ABOUT THIS EXERCISE ::
Each line between the one holding "つまり、企業型DCに拠出する" and the end of the material below, both included, is to be transcribed word for word, with pictures left out.

SUPPLIED MATERIAL ::
⟨

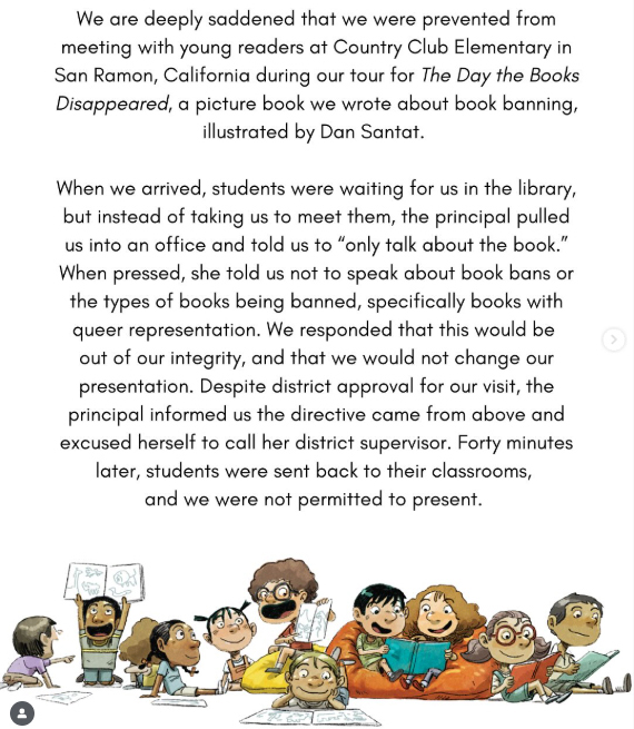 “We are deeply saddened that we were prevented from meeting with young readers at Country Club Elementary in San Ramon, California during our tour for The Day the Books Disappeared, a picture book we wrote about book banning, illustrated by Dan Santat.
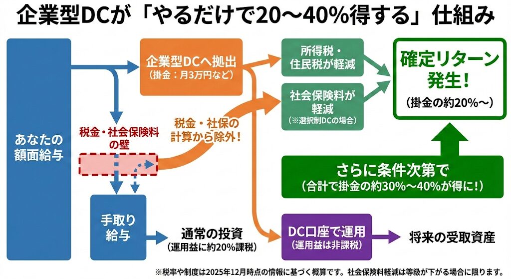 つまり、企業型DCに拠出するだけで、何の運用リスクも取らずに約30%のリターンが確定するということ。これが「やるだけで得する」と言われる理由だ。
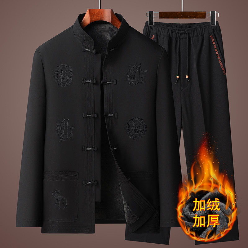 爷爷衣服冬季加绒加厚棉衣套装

⟩

RESPONSE ::
 つまり、企業型DCに拠出するだけで、何の運用リスクも取らずに約30%のリターンが確定するということ。これが「やるだけで得する」と言われる理由だ。
 爷爷衣服冬季加绒加厚棉衣套装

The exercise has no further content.